Friday, 27 April 2012

Carmack: Functional Programming in C++

Here's John Carmack with a solid blog post on the benefits of a (more) functional style.

Functional programming seems to be trending up lately. Interesting stuff.

The further reading links on the bottom are also worth checking out.

Tuesday, 10 April 2012

On objects and state


"State is inherently complex, since it complects value and time". - Rich Hickey

At work one part of our multi-tier architecture, written in Java, is a system sitting between the data source (usually a database) and the front end. An important task of this service tier is to unify the data from different data sources into a single common format for display to the end user, and also to enable easy caching of data. The connection between the service tier and the front end is REST and the connection between the service tier and the data source is either JDBC or REST.

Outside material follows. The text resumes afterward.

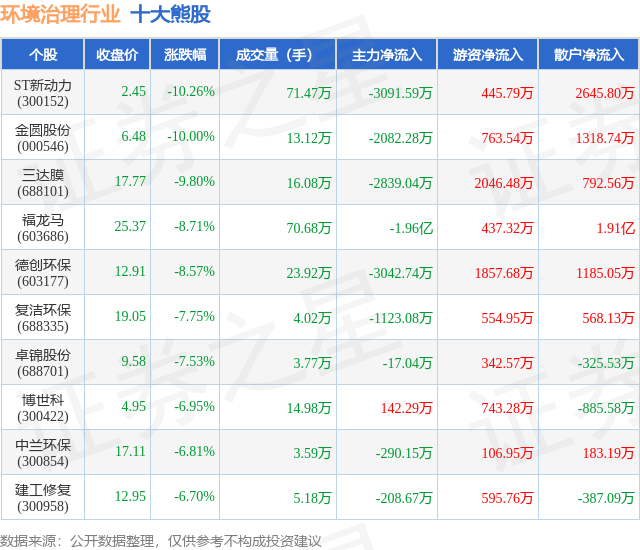 个股表现方面,环境治理行业当日领跌股为ST新动力(300152),该股当日报收2.45,下跌10.26%,成交量71.47万,主力资金净流出3091.59万元。金圆股份(000546)以下跌10.0%紧随其后,该股当日成交量13.12万,主力资金净流出2082.28万元。除此之外,三达膜(688101)、福龙马(603686)、德创环保(603177)均进入当日熊股之列。具体个股列表见下表:

One main thing the service tier does then is receive data from a data source, validate it, and digest it into a common, easily serialisable format for the front end. For this purpose we have a bunch of different Model classes, one for each different type of chart we support (line chart, bar chart etc).

The life cycle of a Model object is straightforward: the Model is created; data is given to it for validation; and if the data was valid, eventually the toDto() method is called to produce the digested version of the data. (DTO stands for Data Transfer Object, which is just a pretentious way of saying "struct". That's design patterns for you, heh.)

Our system is pretty sensible and works well in practice. However, when I was recently tasked with creating a new Model for our system, I spent some time thinking whether this way of doing things is really the best possible. Specifically, I wanted to figure out how best to manage the life cycle of my Model object, that is, to manage its state over time.

The question I eventually came across was simple: why would I want my Model to have state?

In fact, since the whole point of an object is that it encapsulates state, why would I want to use an object at all?

This may seem like a silly question; and in this case the obvious answer "of course you need to use objects and state - it's Java, duh" happens to be correct. But it is worthwhile to think of just how essential object-orientedness and state is in general. So bear with me here.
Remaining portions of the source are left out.